Geldverfolgung und Sperrung
Auch bei vividalushta.net gilt: Die Täter sitzen häufig im Ausland. Am wichtigsten ist deshalb, das Geld zu verfolgen, bevor es endgültig verloren ist. Zahlungen mittels Kryptowährungen lassen sich mit spezialisierter Software bis zu den Auszahlungs-Börsen verfolgen. In der Vergangenheit konnten wir damit bereits Gelder sperren, bevor es zu spät war. In mehreren Fällen konnten wir auf diesem Weg sogar Tätergruppierungen ausfindig machen.
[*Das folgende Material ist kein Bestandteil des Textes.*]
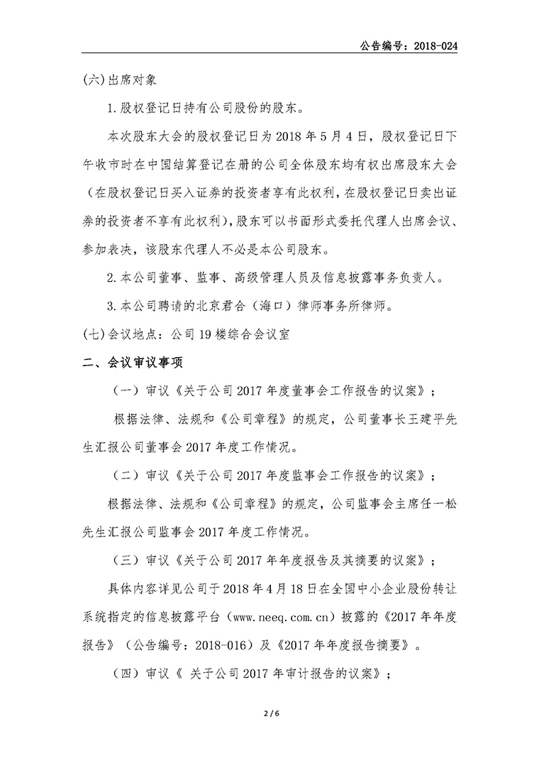 爱体育(中国)官方网站-登录入口2017年年度股东大会通知的公告

In einem Fall konnten wir die Gelder bis zu einem Krypto-Zahlungsanbieter verfolgen, insgesamt wurden 52.000 € gesperrt. In einem anderen Fall hat ein Geschädigter zunächst 250 € investiert und nach weiteren Einzahlungen und angeblichen Gebühren am Ende 110.000 € gezahlt. Durch schnelles Handeln konnten wir auch hier eine Sperrung der Gelder erreichen.
Was mir die Erfahrung mit solchen Fällen zeigt: Schnelles Handeln ist extrem wichtig. Je früher die Spur aufgenommen wird, desto höher die Chance auf eine Sperrung. Wenn Sie betroffen sind, kontaktieren Sie uns für eine kostenlose Ersteinschätzung.


Über den Ermittler
Anton Haverkamp ist ehemaliger Finanzermittler einer Spezialeinheit der Polizei und war dort hauptverantwortlich für Kryptowährungen und die Nachverfolgung digitaler Zahlungen. In Zusammenarbeit mit dem LKA hat er zahlreiche Anlagebetrugs-Fälle bearbeitet und mit spezialisierter Software Geldflüsse bis zu den Verantwortlichen verfolgt.
Als studierter Wirtschaftsinformatiker und IT-Forensik-Experte berät er heute Opfer von Brokerbetrug und Krypto-Betrug sowie Kanzleien und Strafverfolgungsbehörden.